Maximum infix expansion

Specifies the maximum number of hits which can occur before the full-text search stops when the search term is used as an infix. As a result, in addition to direct hits and prefix hits, this search also finds infix hits. Any word in which the search term occurs anywhere in the word (infix) counts as a hit here.

Maximum fuzzy expansion

The fuzzy search creates a list of matches on every deviation level. This list contains all possible combinations for the search term. With increasing deviation, the Maximum fuzzy expansion prevents too many matches with low relevance. The fuzzy search stops when the number of hits in the censhare database (cdb) for the current deviation exceeds this value. See also Maximum editing distance above.

Number of hits to skip fuzzy search

Stops the full-text search if there are more hits for direct, prefix or infix matches than indicated in this field.

Number of hits to end fuzzy search

Stops the full text if a fuzzy search throws more matches than indicated in this field. This global parameter controls the number of matches of a fuzzy search. Low editing distance matches are prioritized.

Minimum non-numeric sequence

Specifies the minimum number of non-numeric characters (letters) that must occur in a search term to be interpreted as text. For fewer non-numeric characters, the fuzzy search is not applied. For example, prevent product IDs that contain a combination of numbers and letters to throw false matches.

Scale

If you want to combine a full-text index with other full-text indexes in a virtual index (for example, in the

For more information see this article Customize the Quick search, filters, and sorting optionsthis parameter allows you to weigh the index and give it a higher or lower relevance (in proportion to the other indexes and their scale value). If you use the full-text index as a single index, this parameter has no relevance.



Virtual full-text index for the Quick search

The Quick search uses a virtual full-text index that indexes all features that are available in the Quick search. You can customize this index, if necessary, as described here.

Build and update an index in the censhare database

If you create a new feature and the respective full-text index, you do not have to build the index, as there are no assets with the respective feature. When users start to edit assets and add the new feature, the index is created automatically.

If you create a full-text index for an existing feature, if the indexed feature stores values that are calculated with an XPath expression, or if you change the index configuration of a full-text index, you must (re)build the index in the censhare database.

If you modify the feature that has already a full-text index, you also must rebuild the respective index. For example, if you change the value type or the XPath expression to calculate the feature.

Proceed as follows:

  1. In the censhare Admin Client, click and select Embedded database rebuild feature index.

  2. First, select the Feature that you want to index, and click OK.

  3. Run the Embedded database rebuild feature index server action again.

  4. Now, select the full-text index of the feature, and click OK.

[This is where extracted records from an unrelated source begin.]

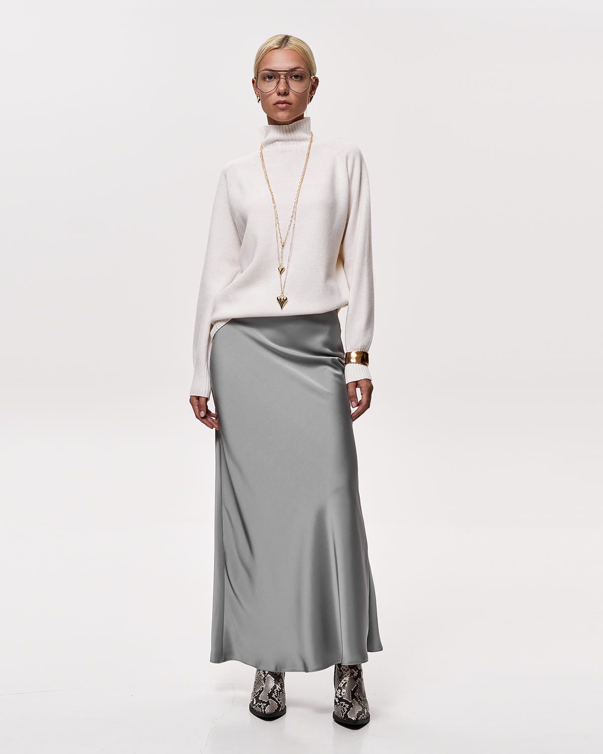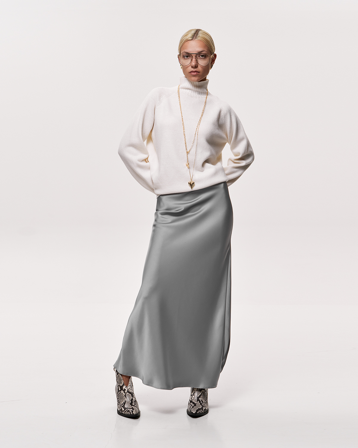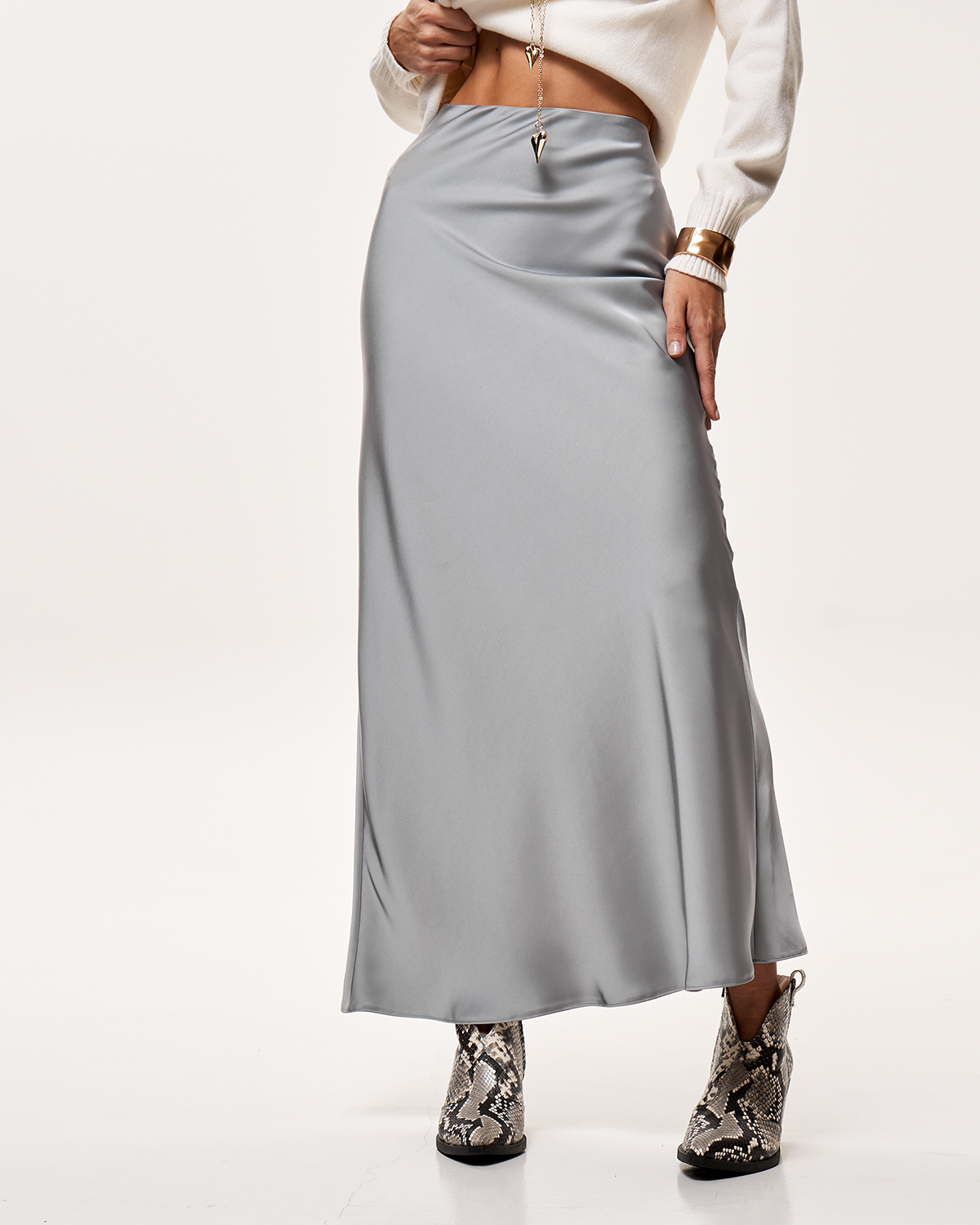 Юбка женская из атласа, полуприлегающего силуэта, длины макси. Скроена "по косой". Застежка на потайную молнию сзади.
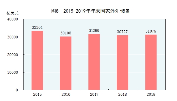 年末國家外匯儲備31079億美元,比上年末增加352億美元。全年人民幣平均匯率為1美元兌6.8985元人民幣,比上年貶值4.1%。
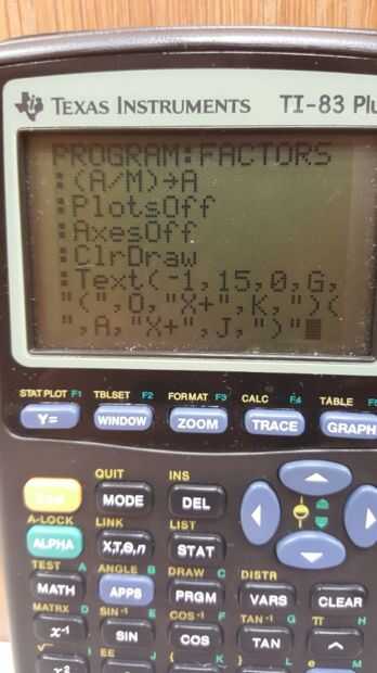 Este paso es para la visualización de la fórmula. Seleccione PRGM 2 y texto seguido de un paréntesis con los números-1,15,0,G,"(,O,"X+",K,")(",A,"X+",K,")(",A,"X+",J,") "(que puede saltar a una nueva línea para cada paréntesis para hacerla más limpia)
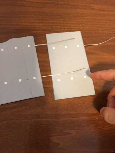 En la sección de materiales, la foto que muestra el cable de tabulación en tiras de poco necesario manualmente cortar yo mismo. Tabulación de alambre generalmente viene en un carrete, y por qué corté un pedazo de cartón 3 pulgadas en dimensión. Sé lo que estás pensando, "¿por qué no simplemente cortar un pedazo de 6 pulgadas de cartón ya que las rayas deben ser de 6 pulgadas de largo?" También quería asegurarse de que el cable tenía un poco más de 6 pulgadas de bucle alrededor de la cartulina porque es necesario que haya un pequeño espacio entre las células.
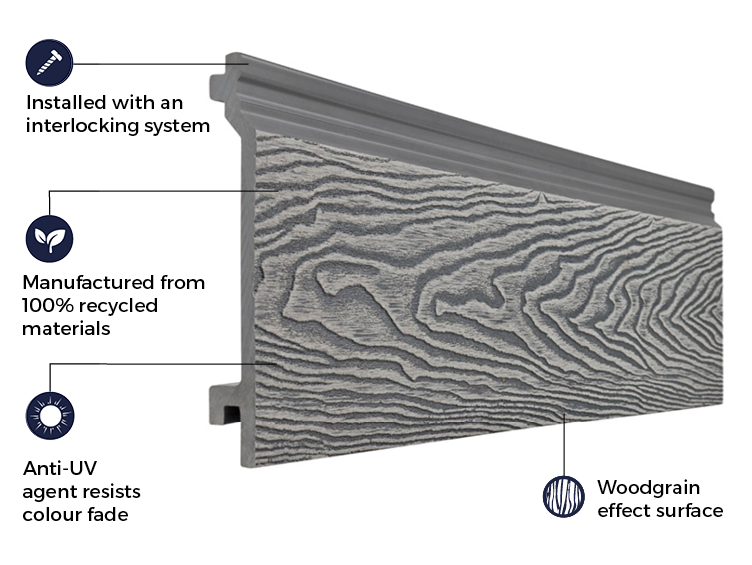 Cladco Woodgrain Composite Cladding Boards allow you to effortlessly achieve a wood cladding look on your exterior walls. The woodgrain texture gives a natural wood effect.
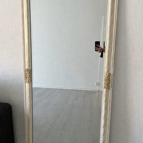 Jysk spegel med svart ram. Rektangulär helkroppsspegel som kan lutas mot vägg eller hängas upp beroende på upphängning. Passar i hall, sovrum eller vardagsrum för helfigursspegling och som inredningsdetalj.
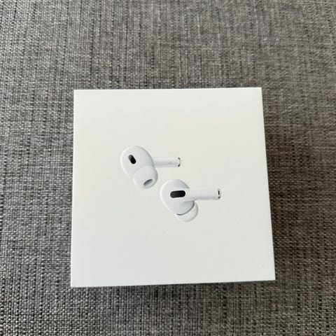 Apple AirPods Pro 2. generasjon trådløse hodetelefoner med MagSafe ladeetui. Produktet inkluderer ladekabel og støtter trådløs lading via MagSafe. Designet for å gi aktiv støydemping og forbedret lydkvalitet. Kun tatt opp og sett på
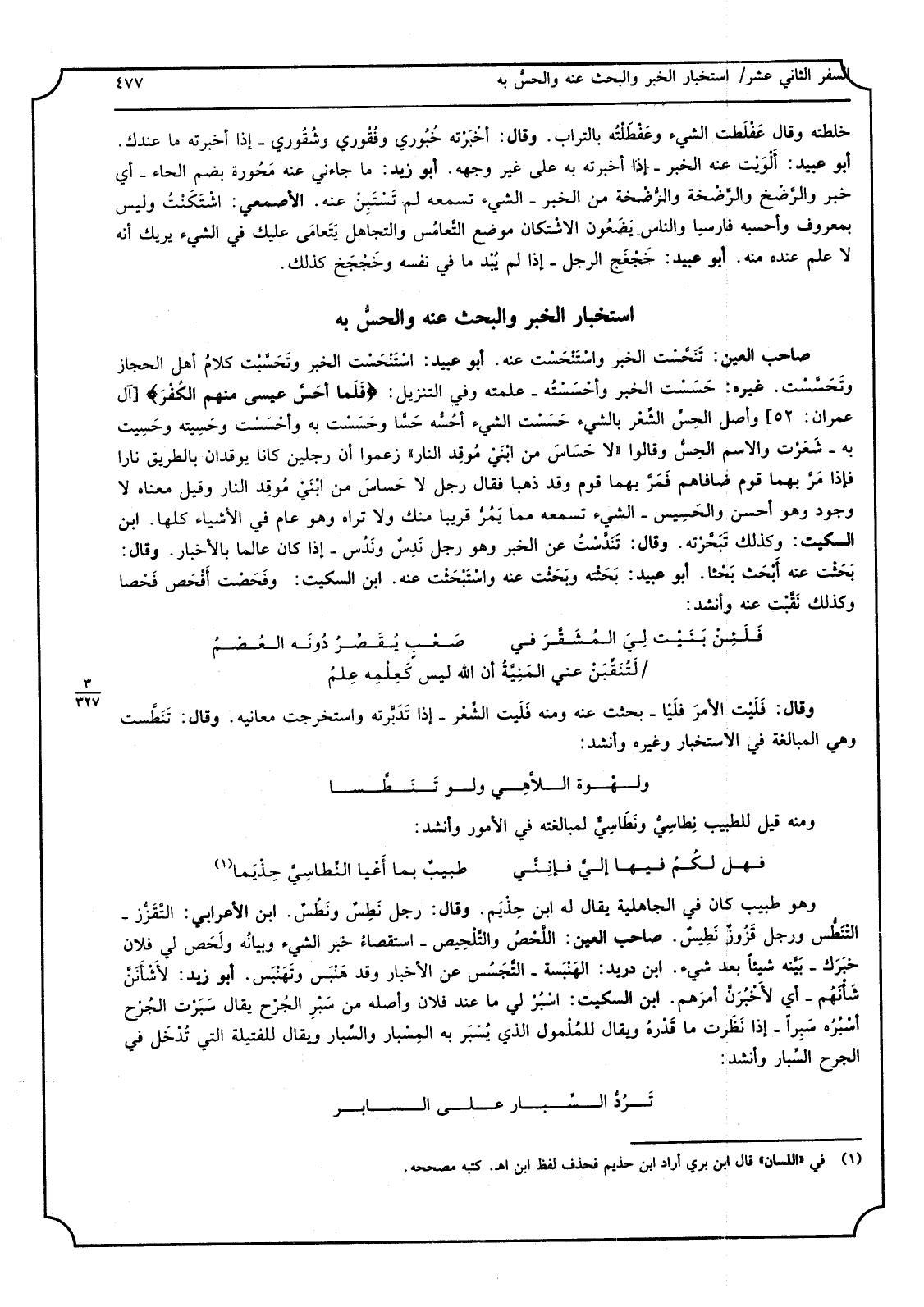 صَاحب الْعين: تنحّسْت الْخَبَر واستنْحَسْت عَنهُ. أَبُو عبيد: استنحَست الْخَبَر وتحسّبت كَلَام أهل الْحجاز وتحسّسْت. غَيره: حسَسْت الْخَبَر وأحسَسْته - علمت وَفِي التَّنْزِيل) فَلَمَّا أحسّ عِيسَى مِنْهُم الكُفر (وأصل الحِس الشِعْر بالشَّيْء حسَسْت الشَّيْء أحُسّه حَسّاً وحسَسْت بِهِ وأحسَست وحسيته وحسِيت بِهِ - شَعرت وَالِاسْم الحسّ وَقَالُوا لَا حَساس من ابنَيْ موقِد النَّار زَعَمُوا أَن رجلَيْنِ كَانَا يوقدان بِالطَّرِيقِ نَارا فَإِذا مرّ بهما قوم ضافاهم فمرّ بهما قوم وَقد ذَهَبا فَقَالَ رجل لَا حَساس من ابنَيْ موقِد النَّار وَقيل مَعْنَاهُ لَا وجود وَهُوَ أحسن والحَسيس - الشَّيْء تسمعه مِمَّا يمرّ قَرِيبا مِنْك وَلَا ترَاهُ وَهُوَ عَام فِي الْأَشْيَاء كلهَا. ابْن السّكيت: وَكَذَلِكَ تبحّرته. وَقَالَ: تندّسْت عَن الْخَبَر وَهُوَ رجل ندِس وندُس - إِذا كَانَ عَالما بالأخبار. وَقَالَ: بحثْت عَنهُ أبحَث بحْثاً. أَبُو عبيد: بحثْته وبحثْت عَنهُ واستبحثْت عَنهُ. ابْن السّكيت: وفَحصْت أفحص فحْصاً وَكَذَلِكَ نقّبْت عَنهُ وَأنْشد: فلئن بَنَيت لي المُشَقِّرَ فِي صعْبٍ يقَصّر دونَه العُصْم لتُنقِّبْن عني الْمنية أَن الله لَيْسَ كعلمِه عِلمُ وَقَالَ: فليت الْأَمر فَلياً - بحثت عَنهُ وَمِنْه فلَيت الشِعْر - إِذا تدبّرته واستخرجت مَعَانِيه. وَقَالَ: تنطّست وَهِي الْمُبَالغَة فِي الاتخبار وَغَيره وَأنْشد: ولَهوة اللاهي وَلَو تنطّسا وَمِنْه قيل للطبيب نِطاسيّ ونَطاسي لمبالغته فِي الْأُمُور وَأنْشد: فَهَل لكُمُ فِيهَا إليّ فإنني طَبِيب بِمَا أعْيا النِطاسيّ حِذْيَما وَهُوَ طَبِيب كَانَ فِي الْجَاهِلِيَّة يُقَال لَهُ ابْن حِذْيَم. وَقَالَ: رجل نَطِس ونطُس. ابْن الْأَعرَابِي: التقزّز - التنطّس وَرجل قزوز نَطيس. صَاحب الْعين: اللحْص والتّلحيص - استقصاء خبر الشَّيْء وَبَيَانه ولحَص لي فلَان خبرَك - بيّنه شَيْئا بعد شَيْء. ابْن دُرَيْد: الهَنبَسة - التجسّس عَن الْأَخْبَار وَقد هنْبَس وتهنْبَس. أَبُو زيد: لأشأننّ شَأْنهمْ - أَي لأخبُرنّ أمرَهم. ابْن السّكيت: اسُبرْ لي مَا عِنْد فلَان وَأَصله من سَبْر الجُرْح يُقَال سَبَرْت الجُرْح أسبُرُه سَبْراً - إِذا نظرت مَا قَدْره وَيُقَال للمُلمول الَّذِي يُسْبَر بِهِ المِسْبار والسِّبار وَيُقَال للفتيلة الَّتِي تُدخَل فِي الْجرْح السِبار وَأنْشد: تردّ السِبار على السابر
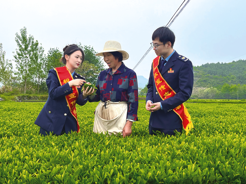 今年4月是第33个全国税收宣传月。连日来,县税务局工作人员深入田间地头,为村民们送去涉农税费政策,并提供多项涉税业务远程帮办服务。图为税务工作人员在茶园了解农户生产经营情况。

Note: For new features, you can skip the first two steps. For existing features, always build the indexes in the exact sequence as described above (first the feature index, then the full-text index). This ensures that the feature index is up-to-date before the full-text index is built. When you execute the server action, censhare deletes the index for your selected feature. Until the index is rebuilt, users cannot search for the feature. The build is carried out as an asynchronous process (during ongoing operations). We recommend planning a maintenance window to rebuild indexes whenever possible.

Enable the server action

If the Embedded database rebuild feature index server action is not available, you must enable it. Proceed as follows:

  1. In the censhare Admin Client, open the Configuration/Modules/Administration/Embedded database directory.

  2. Open the Embedded database rebuild feature index configuration.

  3. In the General setup section, select Enabled.

  4. Click OK to save the configuration.

  5. Update the server configuration, and - if necessary - synchronize the remote servers.